Unfortunately, while that’s some interesting material, Jacob Wysocki falls short of delivering the goods, which is a shame, as he’s in almost every frame of film. He exemplifies a current trend in young actors of doing very little, for fear of doing too much. There are moments when he’s just kind of taking up space in a scene, rather than interacting and reacting to the events going on around him. When he’s more actively involved in a scene, he can bring it, but when he’s detached, you can really tell. He comes across less as an observer and more as an actor waiting to say his lines.
You can’t fault Terri for trying, and there does seem to be a certain amount of love for all these misfit kids and adults, but at the end of the day, the move just isn’t terribly good. John C. Reilly tries his best to salvage what he can, but even Steve Bruhl can’t save this clunker.

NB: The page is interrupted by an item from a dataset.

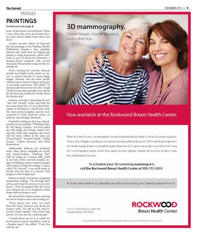 beds. I’d pick them. I’d smell them. When I was a kid, they were my favorite flowers, and I always think of her when I see them.” Another favorite subject of Johnson’s life and paintings is her bulldog, Phoebe Wilhelmina. Despite a busy schedule, Johnson also finds time for singing and playing a string instrument called a dulcimer as part of Micah 6:8 Ministries, a Spokane-based nonprofit with several musicians who perform songs for the terminally ill. When creating her artwork, Johnson mainly uses bright acrylic paints on canvas, or colored pencils, to create happy images. Johnson said she hears people will buy a piece based on happy memories or personal connections. She added, “So many people tell me they love this ‘Tough Chick’ because their grandma was a Rosie the Riveter, and I painted it off the Rosie the Riveter idea.” Johnson currently is launching the new “The Girl Friends” series and held her first artist show Nov. 13-14 at Hurd Mercantile in Rockford to unveil that work. The show proved popular, and the store requested to keep Johnson’s pieces on hand for sale through Christmas. Currently totaling six, the new coloredpenciled series includes “Whistling Wanda The Happy Camper,” red hair pulled up, with images of a vintage camper, fishing pole, book and camping cup woven into her locks. Others in the series are “Proud Penny,” “Frankie’s Fetish,” “Stella’s Escape,” “Gabby’s Moment,” and “Belle Remembers.” Additionally, Johnson has produced many other pieces, including an acrylic and mixed-medium “Watering Day,” with an image of a woman with a bird in her hair. Other artwork includes images of bulldogs, nature-inspired designs and women in different settings. A piece called “Be Yourself ” is an artful image of herself with her dog on a bicycle, with poppies in the background. Johnson said her art business is gaining momentum, adding, “I’m meeting other artists, and I hope by next year to do a few shows. I feel encouraged that the stores have allowed me to be included in their shops with me being so new.” She described a balance from enjoying her job as hospice nurse and creating art. “Every person you meet, you learn their life story,” Johnson said about her hospice work. “It’s end of a life, and everyone comes together. They honor that person. I’ve just met the coolest people.” “I totally know my art is an outlet for me because it can be stressful to work as a hospice nurse,” she added. “I have fun with my art.”

Jenika Katz: What is supposed to be a heartwarming comedy about an outcast learning to make friends ends up being a dull tale of an awkward kid who accidentally makes “friends.” Terri could be an interesting character if we were able to experience his growth, but we don’t learn much of anything from him. His outcast child friends are weird to the point of being unlikeable, and John C. Reilly, the assistant principal that reaches out to Terri, ends up feeling more creepy than charming. The jokes mostly fall flat, and the few actual laughs in the movie are so few and far between that they’re not worth the wait. Terri could have been a good comedy or an interesting drama, but its attempts to mix the two just ruined it completely. 5.25 – Bad.